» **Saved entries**
⁂

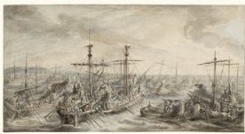
21. Gabriel Jacques de Saint-Aubin French, 1724 - 1780 The Roman Fleet Victorious over the Carthaginians at the Battle of Cape Ecnomus , About 1763 Watercolor, gouache, pen and India and brown ink over black chalk 21.5 × 39.6 cm (8 7/16 × 15 9/16 in.) The J. Paul Getty Museum, Los Angeles 2006.23
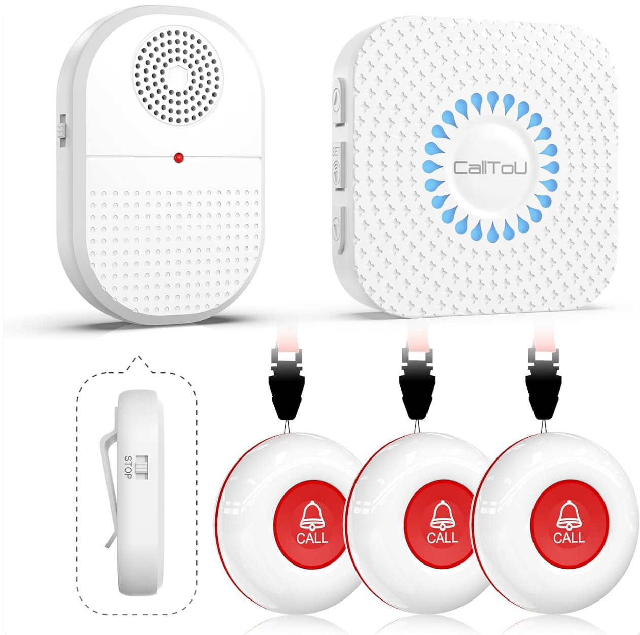
Figure 1: CallToU Wireless Caregiver Pager System components.
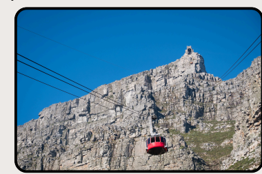
CABLE CAR RIDES

Table Mountain, an iconic landmark in Cape Town, South Africa, rises majestically with its flat-topped peak offering panoramic views of the city, coastline, and surrounding landscapes. Recognized for its stunning natural beauty, the mountain is a focal point of the Table Mountain National Park, featuring diverse flora and fauna, and serving as a prominent symbol of the region. Visitors can access the summit via the Table Mountain Aerial Cableway or embark on various scenic hiking trails that cater to all levels of adventurers. With its dramatic cliffs, sweeping vistas, and rich biodiversity, Table Mountain provides an unforgettable experience and a breathtaking backdrop to Cape Town's vibrant cityscape.
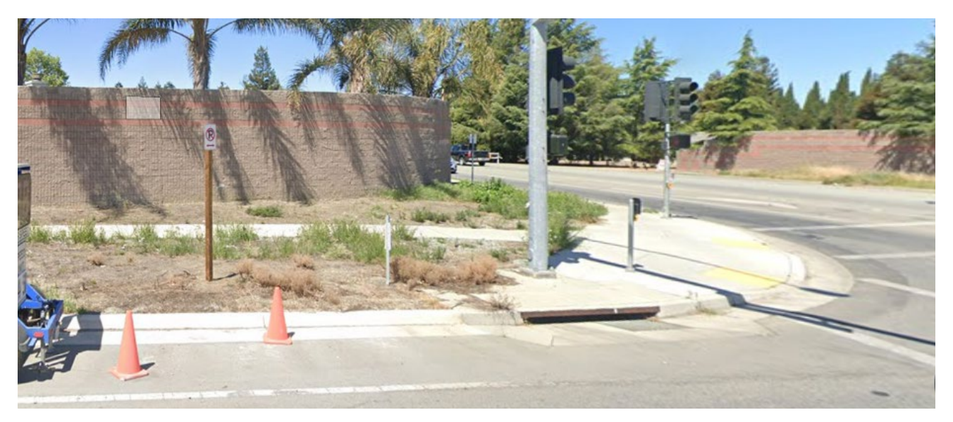
Figure 3 Corner of Santa Ana & Highway 25, facing west
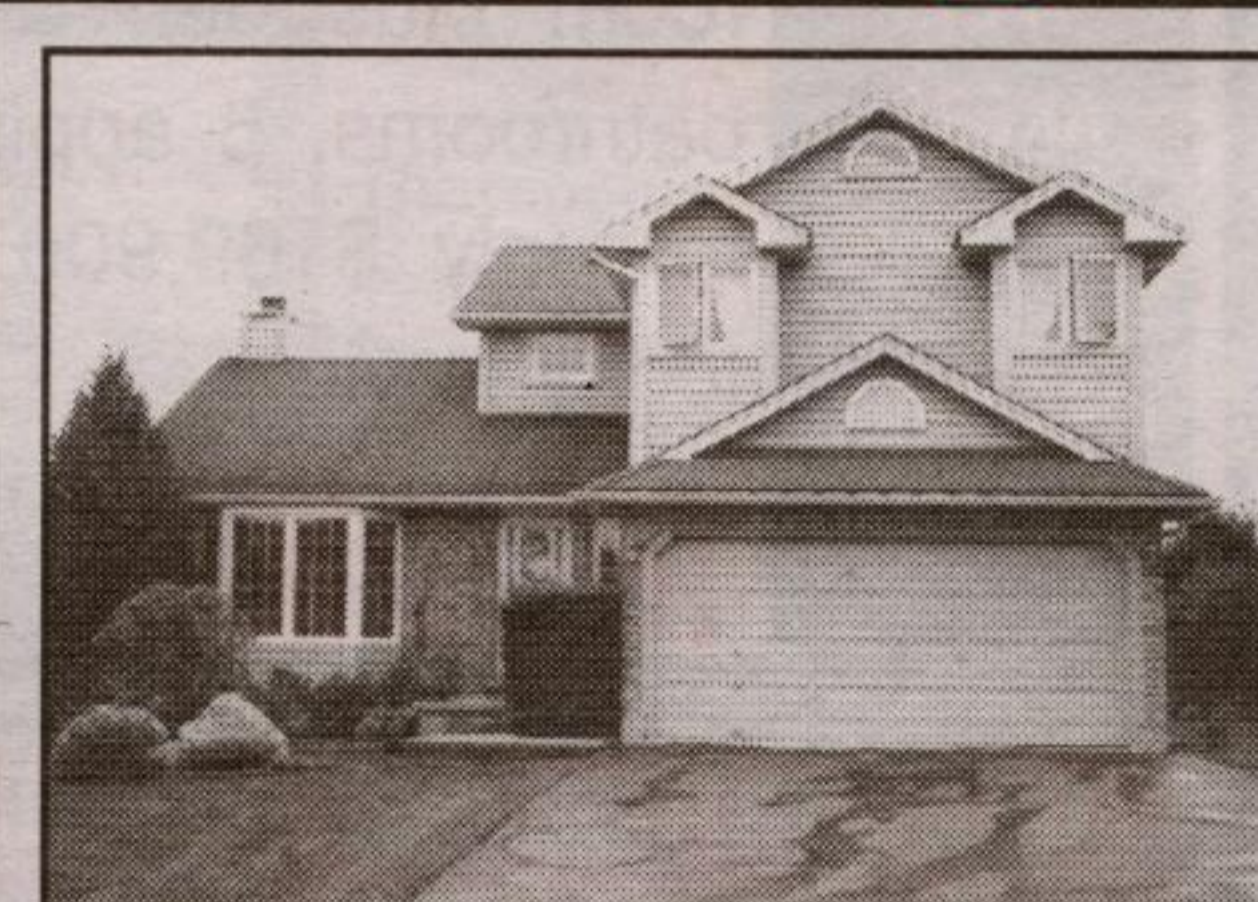
103 John Street Rockwood

Realty Specialists Inc. - 1-877-374-7653
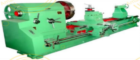
LATHE MACHINE ROLL TURNING PLANNER CENTRE 16" / 18" / 20" / 22" / 24" / 26" / 30" / 34" 406MM / 457MM / 508MM / 559MM / 610MM / 660MM / 762MM / 864MM
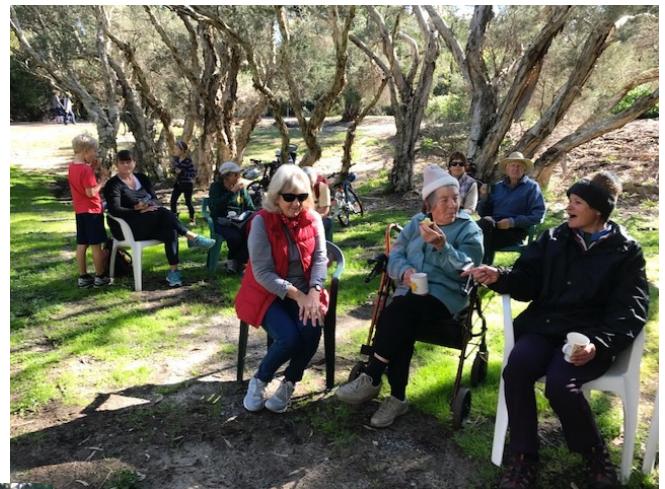
Volunteers enjoy their morning tea
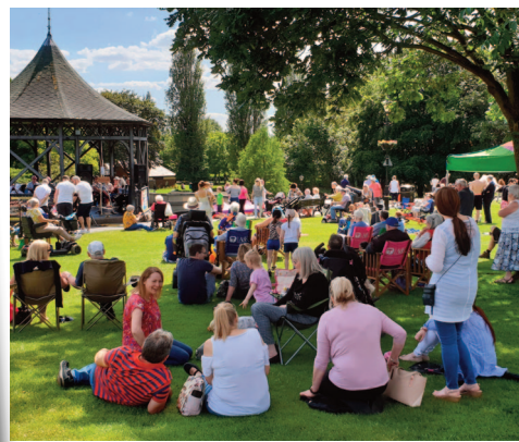
Bandstand concert - Upper Lawn

⁂

» **Work item**
Return the preceding entries verbatim, with the pictures excluded.

» **Your solution**
21. Gabriel Jacques de Saint-Aubin French, 1724 - 1780 The Roman Fleet Victorious over the Carthaginians at the Battle of Cape Ecnomus , About 1763 Watercolor, gouache, pen and India and brown ink over black chalk 21.5 × 39.6 cm (8 7/16 × 15 9/16 in.) The J. Paul Getty Museum, Los Angeles 2006.23
Figure 1: CallToU Wireless Caregiver Pager System components.
CABLE CAR RIDES

Table Mountain, an iconic landmark in Cape Town, South Africa, rises majestically with its flat-topped peak offering panoramic views of the city, coastline, and surrounding landscapes. Recognized for its stunning natural beauty, the mountain is a focal point of the Table Mountain National Park, featuring diverse flora and fauna, and serving as a prominent symbol of the region. Visitors can access the summit via the Table Mountain Aerial Cableway or embark on various scenic hiking trails that cater to all levels of adventurers. With its dramatic cliffs, sweeping vistas, and rich biodiversity, Table Mountain provides an unforgettable experience and a breathtaking backdrop to Cape Town's vibrant cityscape.
Figure 3 Corner of Santa Ana & Highway 25, facing west
103 John Street Rockwood

Realty Specialists Inc. - 1-877-374-7653
LATHE MACHINE ROLL TURNING PLANNER CENTRE 16" / 18" / 20" / 22" / 24" / 26" / 30" / 34" 406MM / 457MM / 508MM / 559MM / 610MM / 660MM / 762MM / 864MM
Volunteers enjoy their morning tea
Bandstand concert - Upper Lawn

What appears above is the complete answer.